Effect of pseudospin polarization on wave packet dynamics in graphene antidot lattices (GALs) in the presence of a normal magnetic field

TL;DR

This paper explores how pseudospin polarization influences electron wave packet dynamics in graphene and graphene antidot lattices under magnetic fields, revealing tunable electron transport properties.

Contribution

It demonstrates control of electron wave packet propagation via pseudospin polarization and antidot lattice engineering in graphene systems.

Findings

Wave packet propagation depends on pseudospin polarization.

Propagation can be directed by antidot lattice design.

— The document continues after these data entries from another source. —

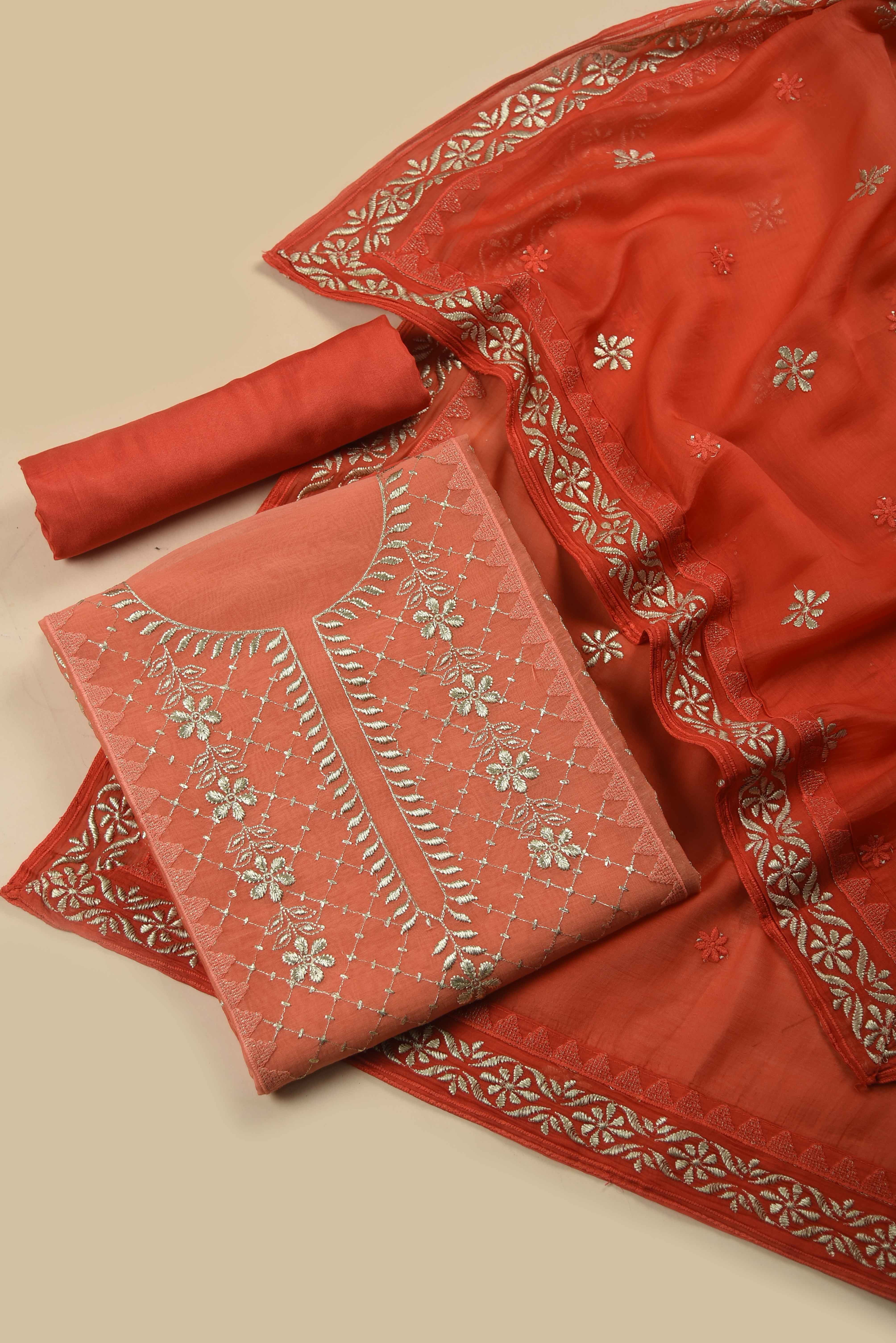 Orange Mul Chanderi Embroidered Unstitched Suit Fabric Set With Mul Chanderi Embroidered Dupatta
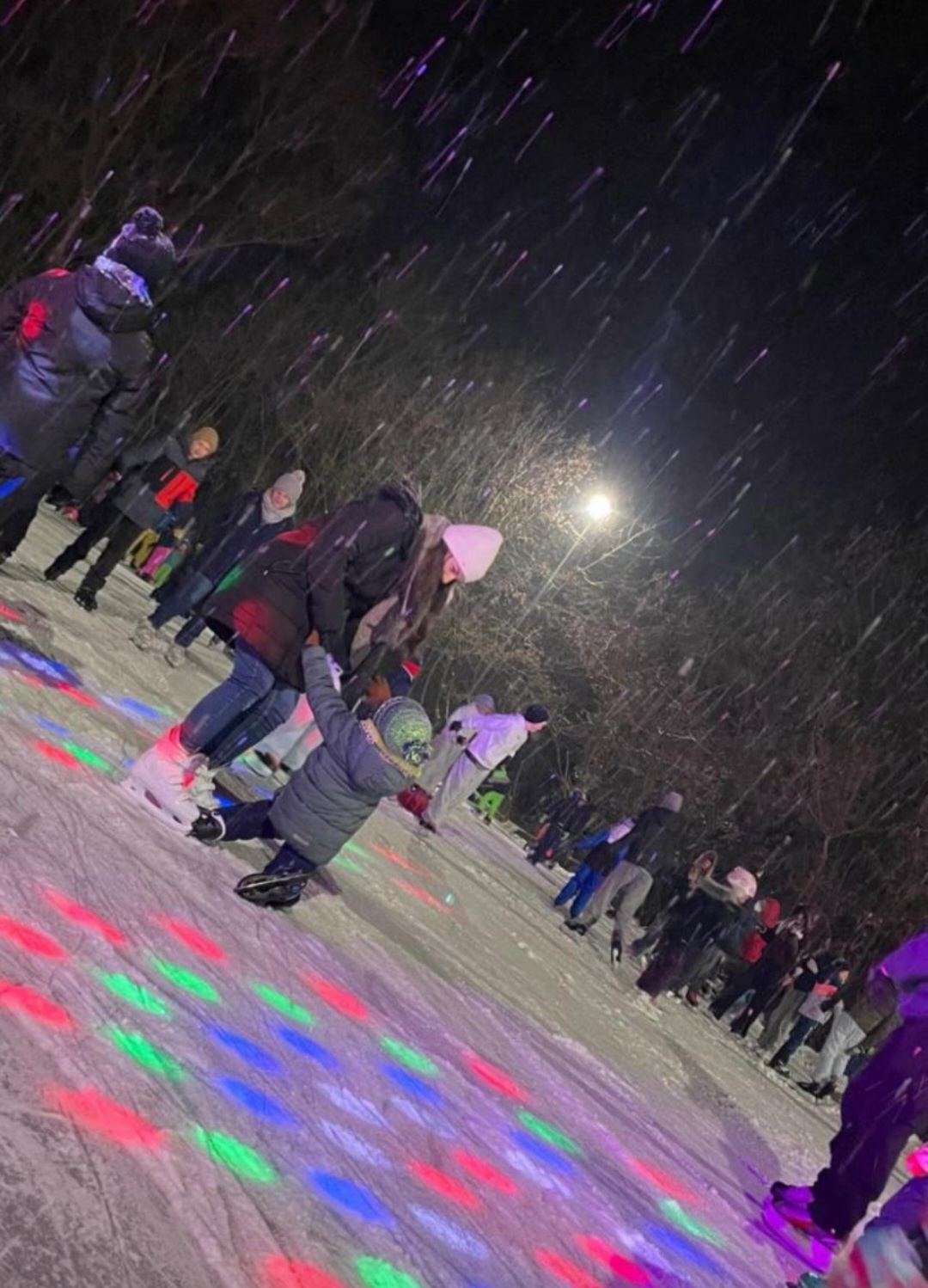 Bei Musik und buntem Discolicht drehten viele kleine und große Eisläuferinnen und Eisläufer ihre Runden.
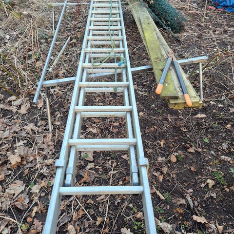 Udtræksstige - 4 meter udskudt længde. Stigen har stået indendørs - pris er inklusiv tilbehør 🌸
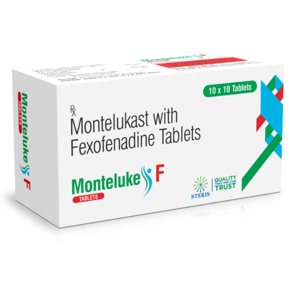 MONTELUKE F is a scientifically formulated combination of Montelukast 10 mg and Fexofenadine 120 mg, designed to provide comprehensive relief from allergy-related symptoms. This dual-action therapy works on different inflammatory pathways involved in allergic reactions, offering better and sustained symptom control compared to single-drug therapy.
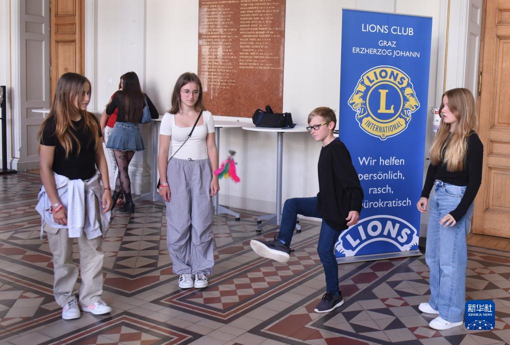 9月30日,在奧地利格拉茨大學(xué)活動(dòng)現場(chǎng),孩子們體驗踢毽子。
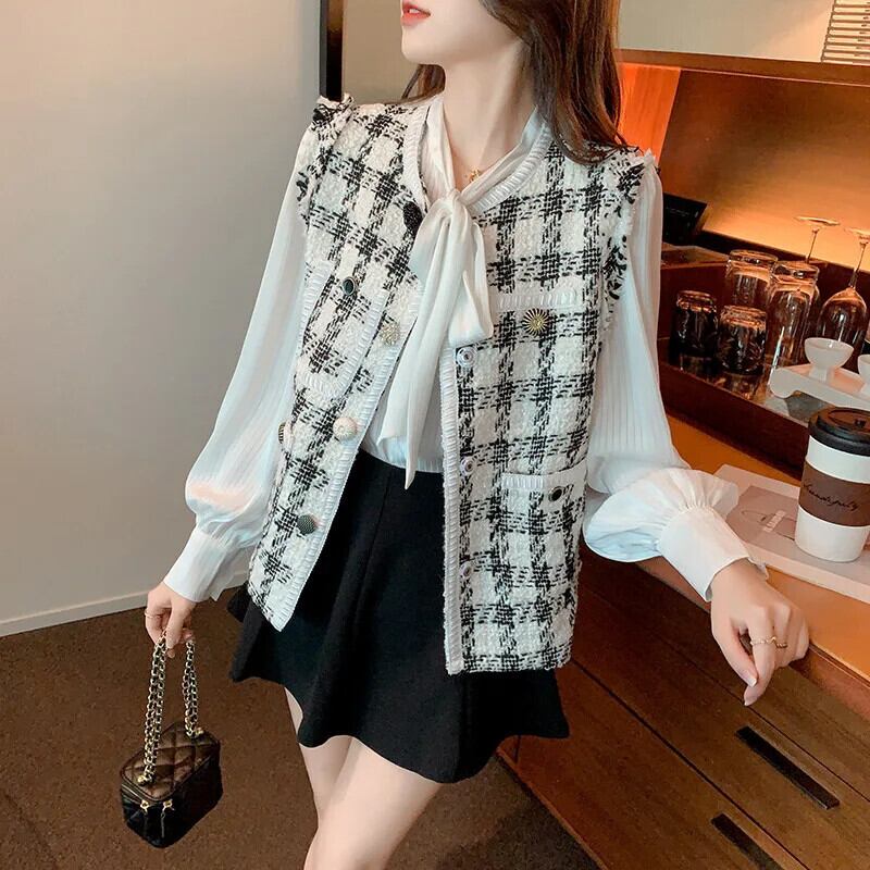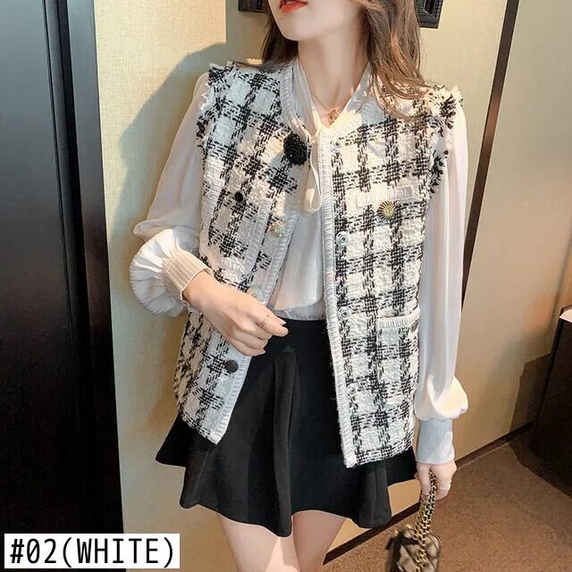 秋香りベスト コート ツイード チェック柄生き抜くチョッキ オータム 秋物

Electron transport tunability is achieved through pseudospin and magnetic field.

Abstract

We have investigated the role of pseudospin polarization in electron wave packet dynamics in pristine graphene and in a graphene antidot lattice subject to an external magnetic field. Employing a Green's function formalism, we show that the electron dynamics can be controlled by tuning pseudospin polarization. We find that in Landau quantized pristine graphene both the propagation of an electron wave packet and Zitterbewegung oscillations strongly depend on pseudospin polarization. The electron wave packet is found to propagate in the direction of initial pseudospin polarization. We also show that, in this system, the propagation of an electron can be enhanced in any desired direction by carving a one dimensional antidot lattice in that direction. The study suggests that a graphene antidot lattice can serve as a channel for electron transport with the possibility of tunability by means of pseudospin polarization, antidot potential and applied normal magnetic field strength.